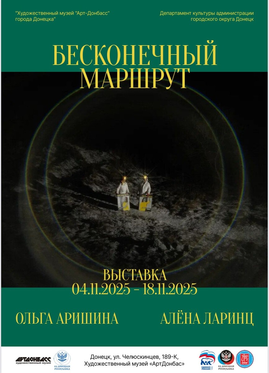 Выставка «Бесконечный маршрут» с поддержкой «Единой России» открылась в Донецке Дата: 4 ноября 2025 года В художественном музее «Арт-Донбасс» (Донецк) с 4 по 18 ноября 2025 года, масштабная выставка московских художниц Ольги Аришиной и Алены Ларинц «Бесконечный маршрут». Проект реализуется при поддержке партии «Единая Россия» в рамках развития культурного диалога между регионами. Художницы становятся одними из первых представителей российского современного искусства, кто открывает выставку такого уровня в Донецке в текущий период, что подчеркивает значимость культурных связей в любое время. Выставка предлагает зрителю философское осмысление жизни как непрерывного пути. В экспозицию вошли более 20 живописных полотен, серии фотографий и арт-объекты, объединенные метафорой дороги. Художественный проект «Бесконечный маршрут» известен тем, что его остановки уже состоялись в Москве, Санкт-Петербурге, Кронштадте, Северодвинске и Архангельске. «Для нас каждая новая выставка — это встреча
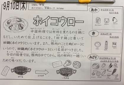今日の人気メニューは、ホイコウロー。ご飯と一緒にとても美味しくいただきました。
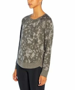 After workouts or on lounge days, slip into this scoop neck pullover designed with a subtle tulip hem and an abstract camo print. Generous length in the back drapes effortlessly over your favorite leggings.
________________________
▶ ABOUT THIS TASK
Return, exactly as they stand, the lines from the opening line of the listing through the line with "今日の人気メニューは、ホイコウロー。ご飯と一緒にとても美味しくいただきました。", both ends counted, and no pictures.

▶ ANSWER AREA
 Выставка «Бесконечный маршрут» с поддержкой «Единой России» открылась в Донецке Дата: 4 ноября 2025 года В художественном музее «Арт-Донбасс» (Донецк) с 4 по 18 ноября 2025 года, масштабная выставка московских художниц Ольги Аришиной и Алены Ларинц «Бесконечный маршрут». Проект реализуется при поддержке партии «Единая Россия» в рамках развития культурного диалога между регионами. Художницы становятся одними из первых представителей российского современного искусства, кто открывает выставку такого уровня в Донецке в текущий период, что подчеркивает значимость культурных связей в любое время. Выставка предлагает зрителю философское осмысление жизни как непрерывного пути. В экспозицию вошли более 20 живописных полотен, серии фотографий и арт-объекты, объединенные метафорой дороги. Художественный проект «Бесконечный маршрут» известен тем, что его остановки уже состоялись в Москве, Санкт-Петербурге, Кронштадте, Северодвинске и Архангельске. «Для нас каждая новая выставка — это встреча
今日の人気メニューは、ホイコウロー。ご飯と一緒にとても美味しくいただきました。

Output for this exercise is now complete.